モノがこれだけあふれる状況の中で人々の需要が飽和し、「成長・拡大」を至上目的とする資本主義が根本的な臨界点に到っている状況。つまり従来型の市場経済が飽和する「定常型社会」への移行において浮上するのが「コミュニティ」経済と呼ぶべき新しい質の経済だ。

コミュニティ経済の特質
①「経済の地域内循環」…ヒト・モノ・カネが地域内で循環する
②「生産コミュニティ」と「生活コミュニティ」…会社と商店街、職住近接のライフスタイル
③経済が本来もっていた「コミュニティ」的(相互扶助的)性格の再評価
④有限性の中での「生産性」概念の再定義…労働生産性から環境生産性へ。
⇒かつては人手が足りず、自然資源が十分あり、「労働生産性」(少ない人手で多くの生産を上げる)が重要だった。今は逆に、人手余り(慢性的失業)、自然資源不足の状態であり、人を積極的に使い、資源の使用を抑制することが重要。
<介護、福祉、農業、自然エネルギーなどと結びついたコミュニティの可能性。>

ローカルからグローバルへの全体構造
①物質的生産、特に食料生産及びケアは出来る限りローカルな地域単位で…ローカル~ナショナル
②工業製品やエネルギーについてはより広範囲の地域単位で…ナショナル~リージョナル
 (ただし自然エネルギーは出来る限りローカルに)
③情報の生産/消費ないし流通についてはもっとも広範囲に…グローバル
④時間の消費(コミュニティや自然などに関わる欲求ないし市場経済を超える領域)はローカルに。

今という時代は、ここ200~300年の間に展開してきた産業化(工業化)文明がある種の根本的な限界あるいは資源・環境制約にと直面しつつあり、言い換えれば私たち人間の歴史の中で、“三度目の定常期”を迎えようとしている。そしてちょうど狩猟採集社会(約5万年前)及び農耕社会の成熟・定常期(紀元前5世紀前後)において、それぞれ「自然信仰」及び「普遍宗教(普遍思想)」が生成したのと同じように、新たな価値原理ないし思想が求められている。

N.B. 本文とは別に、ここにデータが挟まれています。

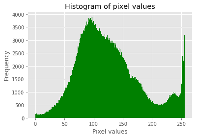 pylab.xlabel('Pixel values'), pylab.ylabel('Frequency'),

それに相当するのが「地球倫理」だと広井は書く。

その「地球倫理」とは個々の普遍宗教の根底にある次元(自然信仰、自然のスピリチュアリティ)を再発見・再評価していくことが、個々の普遍宗教を超えた「地球公共性/地球的スピリチュアリティ」につながる。
「個人」という存在を軸に置きつつ、かつそれを超えていくという志向を持つもので、それは私や他者を含む一人ひとりの根底に、自然のスピリチュアリティ――――生命の内発性あるいは存在そのものといってよいもの―――を見い出していく思想なのだというのだ。


本書の後半のくだりの普遍宗教の対立を超えた「地球倫理」については、やや観念的で理想主義的すぎる感じがするが、広井良典が人類史という歴史的に長い射程から思考を深め、現代こそ、工業化が行き着いた資本主義社会の臨界点であり、需要が飽和状態のなかで「拡大・成長」が望めない転換点に達していると指摘している。労働生産性を追求した果てに、慢性的に人が余り、資源が不足する時代のなかで、人が関わり合う経済コミュニティの再構築の重要性、かつての「地域からの離陸」ではなく、「地域への着陸」の時代であることを本書は主張しているのだ。